By Cheryl Hatch
Writer’s note: I am a journalist in academia, a woman who has traveled among many cultures. I live outside the box and I like it — and I want to share my perspective with you every Thursday.
Years ago, I was working in my father’s home office. I grabbed a gold Cross pen to sign a letter. Hours later, my dad wanted to know where the pen was. He was insistent. What’s the big deal, I wondered.
This is the guy who tossed his medals in the trash (mom rescued them). He long ago jettisoned the reel-to-reel tapes he’d sent with messages from Vietnam. In the more than two dozen moves of my childhood, I’d watched my dad toss plenty of our possessions.
This pen was one of two treasured gold Cross pens. One was a gift from my mother. The other was from a soldier who had served with him. The soldier had “go on guts” inscribed on the pen. The soldier admired my father and his approach to leadership.
As the daughter of a soldier, I wasn’t always fond of my dad’s leadership style. I often conjured the image of Yul Brynner in “The Ten Commandments” portraying the Egyptian pharaoh Ramses II: so let it be written, so let it be done. Once, following my father up the stairs in a building at Fort Leavenworth, we passed a soldier who was descending.
“Take off your hat, son,” my father said. The soldier didn’t break stride or say a word. He yanked off his hat and kept moving. It made an impression on me.
Grown men followed his orders. I didn’t stand a chance.
At another military base in my youth, I was home in the early afternoon when the phone rang. I thought I’d be reckless and answer it the way civilian kids do. Just for fun. Just one time.
“Who’s house is this?” my father barked.
“Col. Hatch’s quarters Cheryl speaking sir.”
I couldn’t spit the words out fast enough.
My father is a man of few words and a man of his word. He raised us to be accountable for our actions, to tell the truth and to respect our elders, especially my mother. He promised if we told the truth, he’d have our backs. No matter what.
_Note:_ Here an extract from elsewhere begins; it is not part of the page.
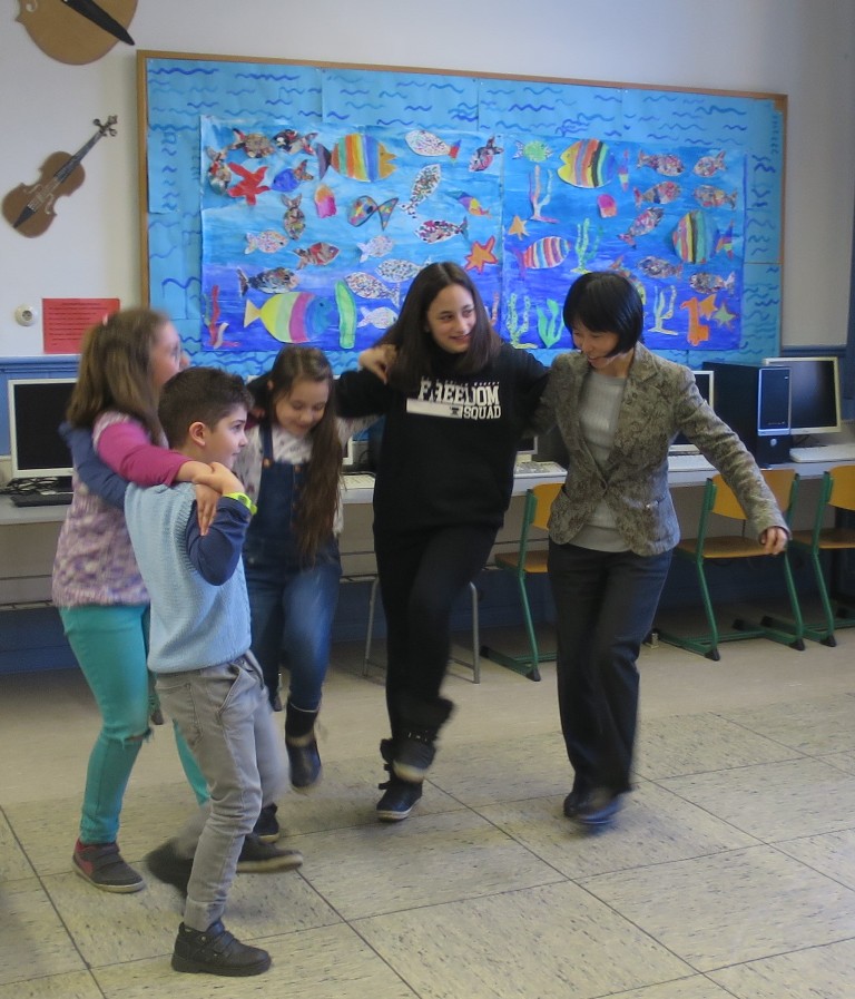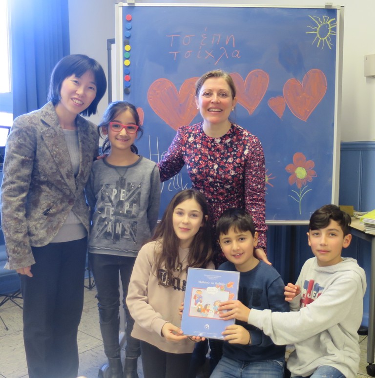 Frau Prof. Hamatani erzählte uns vom Schulalltag in Japan und nahm auch begeistert am Griechischunterricht teil.

When I was 16, my dad and mom got that terrible middle-of-the-night call that parents dread.
Driving home from work, I took a tight turn on a winding country road, skidded and wrecked the family’s second car, the beater Bug my dad used to commute to work.
“You were driving too damn fast,” he said, as he drove us to the hospital. The swear word and the silence that followed made his point. He never said another word about it.
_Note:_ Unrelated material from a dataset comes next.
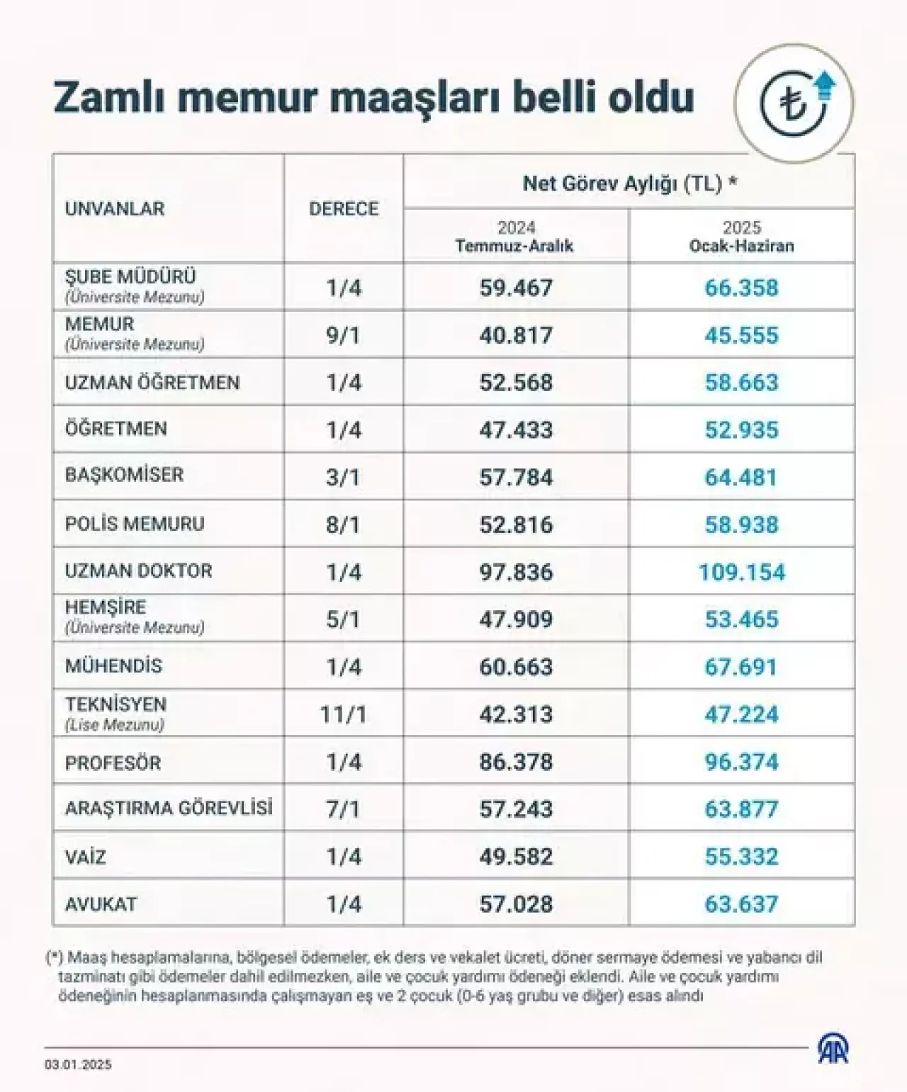 Memur ve emeklinin beklediği haber bugün geldi. TÜİK, 2024 yılı enflasyon oranlarını açıkladı. Açıklanan oranlara göre hangi memur ne kadar alacak? İşte yeni maaşlar…

Days later, he took me to purchase my first car. I’d saved my money. I’d agreed to make the car payments and cover the cost of the insurance, gas and repairs. I assumed responsibility for the car and my actions. My dad trusted that I’d learned my lesson.
When I was a teen, I asked my dad if I could stand in line all night to buy tickets to a Led Zeppelin concert. It would mean missing school the next day, too. He said yes. And when I asked to take my younger brother, a budding drummer, to the concert, my dad said yes. He trusted me to look out for my brother and myself.
In January, dad told us the doctor had found a shadow on his pancreas. “Shadow” and “pancreas” are not two words I want to hear in the same sentence, particularly not after cancer has stalked several people I love, claiming two, in the past couple years.
I flew home when the first procedure was scheduled. I arrived and learned that it had been postponed; the doctors required additional tests.
In early March, Dad underwent the initial procedure and I wasn’t there. I was at Allegheny College hosting our second annual photojournalism conference. The family waited for the results: cancer or not cancer.
Dad called one day while I was meeting with a student. I excused myself and took the call. It’s not cancer. Good news. It could become cancer. Not the best news.
I’m an optimist. My dad’s a pragmatist, a soldier, a combat engineer. He gathers information. Weighs options. Then he goes on guts.
I like the expression and its double entendre. Go on guts implies following your intuition. To me, it also means to act with resolute bravery in the face of a daunting challenge.
These past few months have been tough for my father, a family man. Though he’s a man of faith, dad’s facing his mortality. I sense that he doesn’t want to leave my mom. I believe that alone gives him a huge tactical advantage.
Dad did his research. He discussed his options. He chose surgery.
Go on guts, Pop. Go on guts.
Cheryl Hatch is a writer, photojournalist and visiting assistant professor of journalism in the public interest at Allegheny College.